_RECORDS_:
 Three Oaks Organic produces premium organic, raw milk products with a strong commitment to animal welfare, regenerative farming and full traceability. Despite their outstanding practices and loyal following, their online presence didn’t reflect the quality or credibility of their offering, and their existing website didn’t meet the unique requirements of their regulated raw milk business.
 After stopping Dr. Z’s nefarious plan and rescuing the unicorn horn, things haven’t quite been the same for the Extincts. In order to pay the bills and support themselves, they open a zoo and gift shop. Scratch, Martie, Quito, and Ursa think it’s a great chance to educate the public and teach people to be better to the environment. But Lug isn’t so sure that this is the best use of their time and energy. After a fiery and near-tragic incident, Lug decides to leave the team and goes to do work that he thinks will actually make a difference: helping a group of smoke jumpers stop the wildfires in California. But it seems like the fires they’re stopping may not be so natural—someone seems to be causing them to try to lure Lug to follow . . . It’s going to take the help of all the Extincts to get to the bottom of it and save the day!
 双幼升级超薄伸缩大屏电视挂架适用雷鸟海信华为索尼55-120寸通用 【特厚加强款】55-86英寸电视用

==

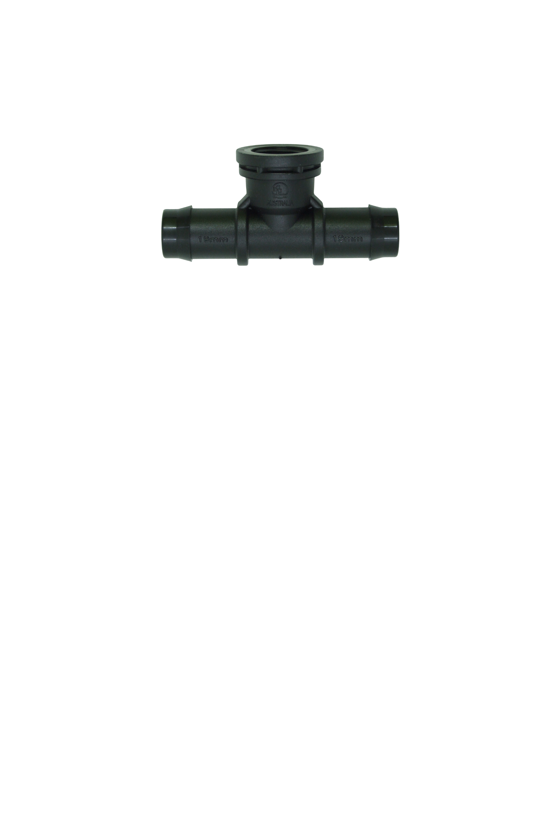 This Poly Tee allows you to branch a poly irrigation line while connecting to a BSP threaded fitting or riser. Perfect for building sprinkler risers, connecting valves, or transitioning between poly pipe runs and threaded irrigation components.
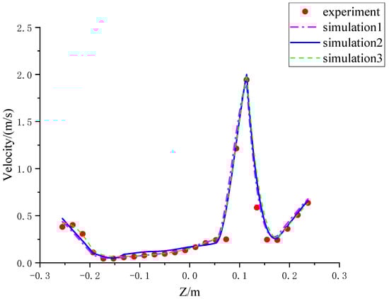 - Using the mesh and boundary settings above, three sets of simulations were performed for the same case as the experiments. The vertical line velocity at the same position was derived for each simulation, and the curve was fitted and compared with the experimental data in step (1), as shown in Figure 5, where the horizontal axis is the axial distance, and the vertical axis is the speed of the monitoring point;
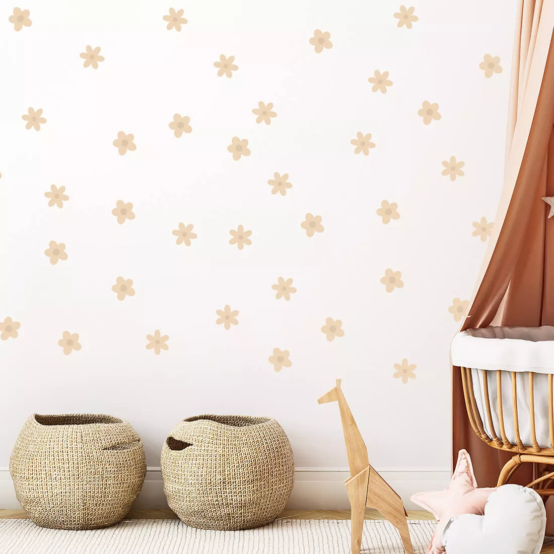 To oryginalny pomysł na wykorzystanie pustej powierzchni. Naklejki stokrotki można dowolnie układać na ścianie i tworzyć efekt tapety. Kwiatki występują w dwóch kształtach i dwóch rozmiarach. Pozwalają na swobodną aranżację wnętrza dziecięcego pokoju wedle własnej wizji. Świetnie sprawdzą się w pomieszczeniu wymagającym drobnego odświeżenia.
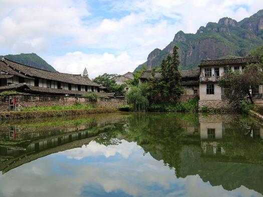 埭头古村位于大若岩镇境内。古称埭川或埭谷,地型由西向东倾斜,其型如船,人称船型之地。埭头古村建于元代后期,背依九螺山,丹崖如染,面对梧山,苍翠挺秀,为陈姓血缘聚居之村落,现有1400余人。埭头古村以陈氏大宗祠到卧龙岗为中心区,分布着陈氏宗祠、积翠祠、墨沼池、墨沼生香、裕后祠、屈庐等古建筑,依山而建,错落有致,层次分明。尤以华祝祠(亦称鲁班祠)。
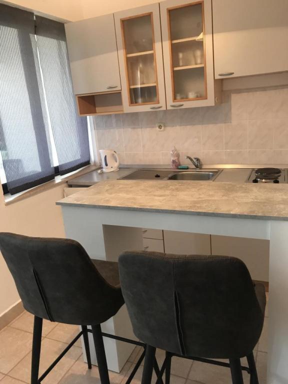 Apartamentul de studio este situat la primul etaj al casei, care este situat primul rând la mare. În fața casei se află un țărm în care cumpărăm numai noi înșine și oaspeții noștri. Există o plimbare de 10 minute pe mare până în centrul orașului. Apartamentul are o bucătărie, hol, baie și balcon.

_AIM OF THE TASK_:
Only the lines of the listing above from the one with "- Using the" through the one with "Apartamentul de studio" should be output, exactly, with both ends kept and pictures left out.

_WRITTEN ANSWER_:
 - Using the mesh and boundary settings above, three sets of simulations were performed for the same case as the experiments. The vertical line velocity at the same position was derived for each simulation, and the curve was fitted and compared with the experimental data in step (1), as shown in Figure 5, where the horizontal axis is the axial distance, and the vertical axis is the speed of the monitoring point;
 To oryginalny pomysł na wykorzystanie pustej powierzchni. Naklejki stokrotki można dowolnie układać na ścianie i tworzyć efekt tapety. Kwiatki występują w dwóch kształtach i dwóch rozmiarach. Pozwalają na swobodną aranżację wnętrza dziecięcego pokoju wedle własnej wizji. Świetnie sprawdzą się w pomieszczeniu wymagającym drobnego odświeżenia.
 埭头古村位于大若岩镇境内。古称埭川或埭谷,地型由西向东倾斜,其型如船,人称船型之地。埭头古村建于元代后期,背依九螺山,丹崖如染,面对梧山,苍翠挺秀,为陈姓血缘聚居之村落,现有1400余人。埭头古村以陈氏大宗祠到卧龙岗为中心区,分布着陈氏宗祠、积翠祠、墨沼池、墨沼生香、裕后祠、屈庐等古建筑,依山而建,错落有致,层次分明。尤以华祝祠(亦称鲁班祠)。
 Apartamentul de studio este situat la primul etaj al casei, care este situat primul rând la mare. În fața casei se află un țărm în care cumpărăm numai noi înșine și oaspeții noștri. Există o plimbare de 10 minute pe mare până în centrul orașului. Apartamentul are o bucătărie, hol, baie și balcon.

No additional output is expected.